Selamat datang di Pare,

 

Dsc00135
Pare adalah sebuah
kecamatan di kabupaten Kediri, Jawa Timur. Di antara kecamatan lain
di kabupaten Kediri mungkin Pare termasuk kecamatan yang paling cepat
berkembang dan ramai dengan aktifitas perdagangannya. Salah satu hal
yang membuat Pare menarik perhatian banyak orang adalah terdapat
banyak tempat kursus dan sekolah bahasa inggris di tempat ini. Tidak
hanya orang dari jawa timur namun para pendatang dari seluruh penjuru
tanah air juga datang ke tempat ini untuk belajar bahasa inggris yang
baik dan benar. Mungkin hal ini pulalah yang kemudian menjadikan pare
sebagai tempat yang cepat berkembang.
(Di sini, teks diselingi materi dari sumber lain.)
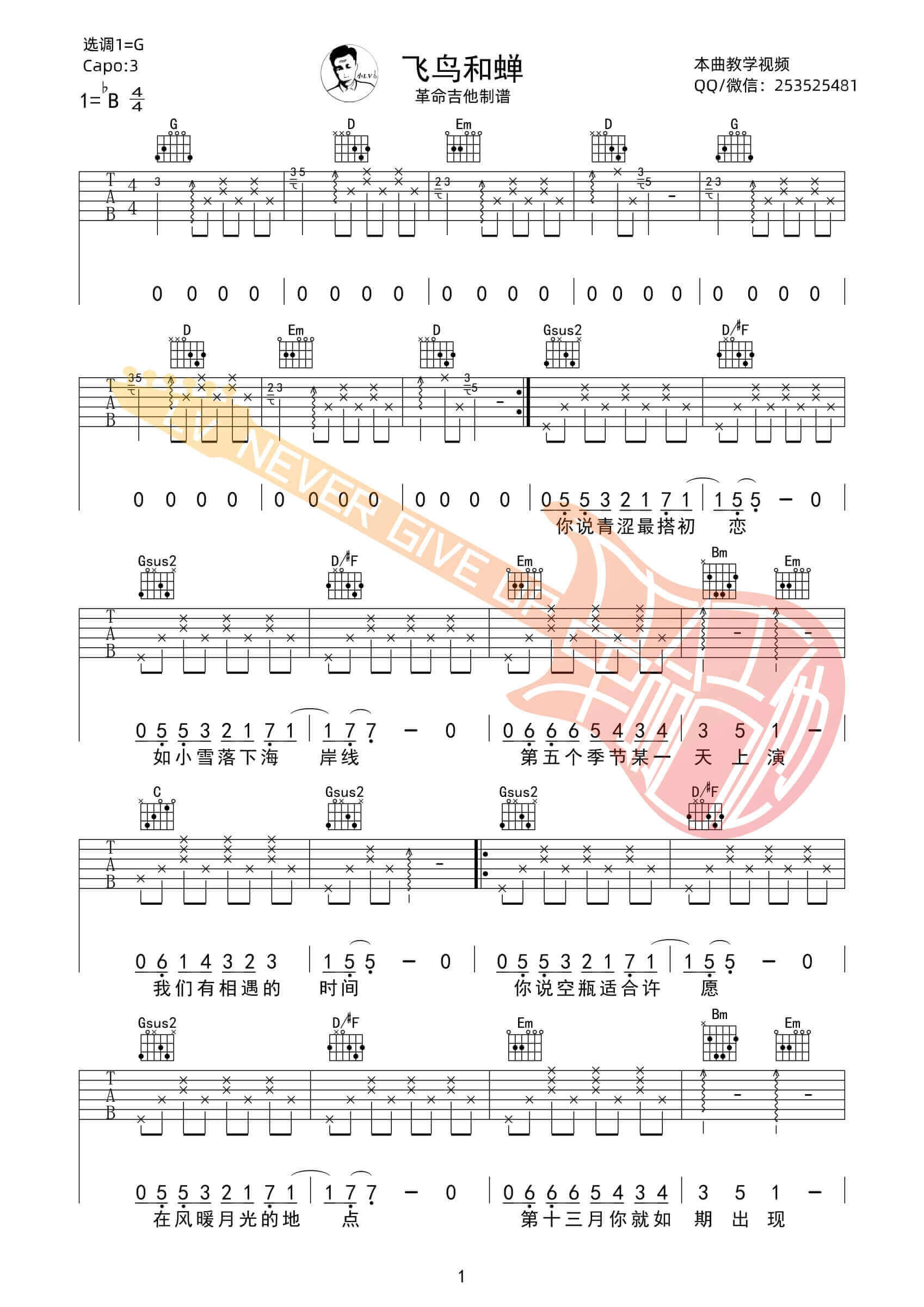 《任然《飞鸟和蝉吉他谱》(G调)》内容来自于互联网,不能保证内容的准确性与完整性,仅供学习交流欣赏,请勿用于其它用途,内容版权归原作者及来源网站所有,如有侵犯到您的权益请来信告知,我们将及时删除。

Dengan adanya banyak pendatang
yang sangat plural telah menarik minat masyarakat setempat untuk
terus mengembangkan berbagai fasilitas dan layanan yang sesuai dengan
permintaan konsumen.

 

Di kecamatan Pare ada
sekitar 80 tempat kursus dan sekolah Bahasa Inggris yang tersebar di
beberapa jalan utama. Biaya kursus/sekolah di pare bisa di bilang
sangat murah di bandingkan dengan tempat kursus atau sekolah bahasa
inggris di kota besar, biaya hidup pun bisa di hemat seminimal
mungkin. Tidak hanya kursus/sekolah bahasa inggris akhirnya tempat
kursus lainnya pun mulai bermunculan, anda bisa memilih program
bahasa lain seperti bahasa mandarin atau bahasa jepang, bahkan
berbagai kursus komputer pun mulai marak di pare. Jadi selain anda
belajar bahasa inggris, anda pun bisa belajar banyak hal lainnya pada
waktu-waktu kosong anda. Sebagai akibat maraknya tempat-tempat
belajar ini maka masyarakat setempat pun mulai ramai membuka
kost-kostan dan warung-warung makan, bahkan kini sudah terdapat
beberapa warung internet yang juga meramaikan aktifitas di sana.
Sebagai alat transportasi, sepeda adalah kendaraan yang paling banyak
di pakai oleh para pelajar. Beberapa tempat persewaan sepeda yang ada
di Pare memasang tarif Rp. 35.000 – 40.000 / bulan nya. Cukup murah
sekaligus bermanfaat bagi kesehatan.

 

Jika anda merasa penat,
anda bisa berkeliling berjalan-jalan menimati suasana kota pare yang
sejuk atau sekedar memandang hijaunya ladang dan pesawahan di
kampung-kampung sekitar pare. Beberapa tempat wisata sejarah juga
terdapat di kota pare, beberapa candi peninggalan kerajaan Kadiri dan
Majapahit masih bisa anda nikmati. Ada juga tempat pemandian umum dan
petilasan Sri Aji Joyoboyo yang dulu merupakan salah satu Raja
Kadiri. Selalu ada cara untuk menikmati Pare.

 

Suasana yang tenang dan
pola hidup yang sederhana menjadi daya tarik utama kota ini, meskipun
begitu siapa sangka tempat ini menjadi pusat belajar bahasa Inggris
yang paling terkenal di seantero Nusantara. Tidak hanya para pelajar
yang di untungkan, namun masyarakat pare juga menjadi semakin makmur
dan berkembang karena industri yang satu ini.